Match vs Term Query

intermediate elasticsearch query-dsl match term

This is the most asked Elasticsearch question. Get it wrong and the interviewer immediately knows we’ve never actually used ES in production.

In simple language: match runs our search text through the same analyzer that indexed the field, then looks for the resulting tokens. term skips the analyzer entirely and searches for the exact value as-is.

That single difference explains 90% of the “why isn’t my query returning results?” bugs we see.

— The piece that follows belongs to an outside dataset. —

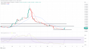 From trading at support, WAVES now looks set to hit resistance which is at $12.30, and has not been reached since May 11.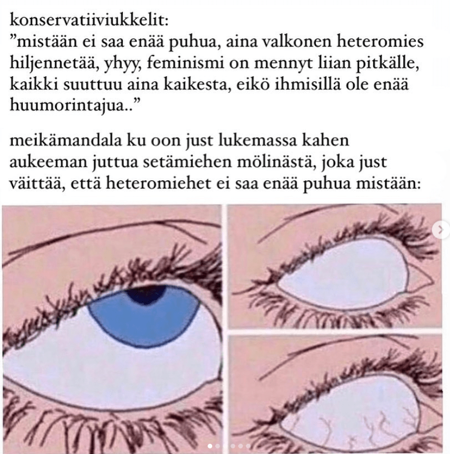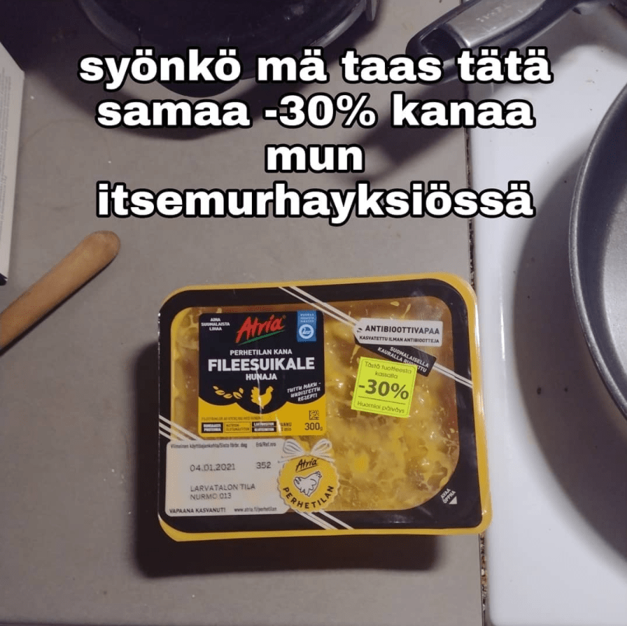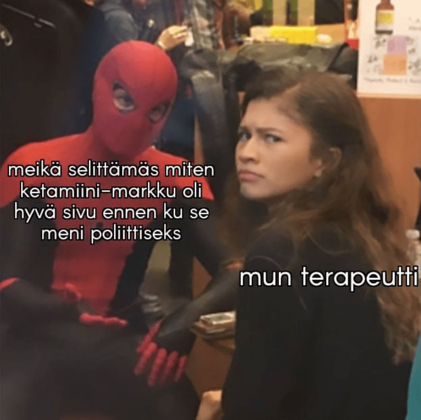 Jutussa käytetyt meemit ovat seuraavilta Instagram-tileiltä: @cledos_fani_ressu, @ketamiini_markun_meme_stash, @xtraorangecake, @kaikkipaskaksi

The flow — what actually happens

When we index a document with "title": "MacBook Pro 16-inch", the standard analyzer lowercases and tokenizes it into ["macbook", "pro", "16", "inch"]. Those tokens go into the inverted index.

Now if we search:

  • match: "MacBook" → analyzer turns it into ["macbook"] → matches the token → hit.
  • term: "MacBook" → looks for the literal string MacBook in the index → no match (because the index only has macbook).
  • term: "macbook" → matches the token → hit.
MATCH query
Input: "MacBook Pro"
↓ analyzer (lowercase + tokenize)
Tokens: ["macbook", "pro"]
↓ search inverted index
→ matches docs with either token
TERM query
Input: "MacBook Pro"
↓ no analyzer, raw bytes
Token: "MacBook Pro"
↓ search inverted index
→ no match (index has lowercase tokens)

When to use which

Think of it like this — use match for human-typed search (search bars, autocomplete) and term for structured/exact data (status flags, IDs, tags, enums).

GET /products/_search
{
  "query": {
    "match": { "title": "wireless bluetooth headphones" }
  }
}

The above is perfect for a search bar. ES will tokenize, lowercase, and find docs containing any of those words (with relevance scoring).

GET /orders/_search
{
  "query": {
    "term": { "status": "shipped" }
  }
}

This is perfect for filtering by a known enum value. We know status is always one of pending | shipped | delivered, so we don’t want fuzzy matching.

The keyword field trick

Here’s where most people get burned. By default, a string field gets mapped as both text (analyzed) AND keyword (not analyzed). To do an exact match on a name field:

GET /users/_search
{
  "query": {
    "term": { "name.keyword": "Manish Prajapati" }
  }
}

Notice the .keyword suffix. Without it, term on a text field will almost never work because the original string isn’t in the index — only its tokens are.

Scoring difference

match queries are run in query context — they compute a relevance score (BM25). term queries can run in filter context (inside bool.filter) where they’re cached and don’t compute scores. That makes term filters dramatically faster for repeated queries.

GET /products/_search
{
  "query": {
    "bool": {
      "must":   [{ "match": { "title": "laptop" } }],
      "filter": [{ "term":  { "in_stock": true } }]
    }
  }
}

Quick rules of thumb

  • Searching free text from a user? match.
  • Filtering by status, ID, boolean, tag, enum? term.
  • Got results that don’t make sense? Check if the field is text or keyword — that’s almost always the culprit.
  • Want exact-match on a string? Use term on field.keyword.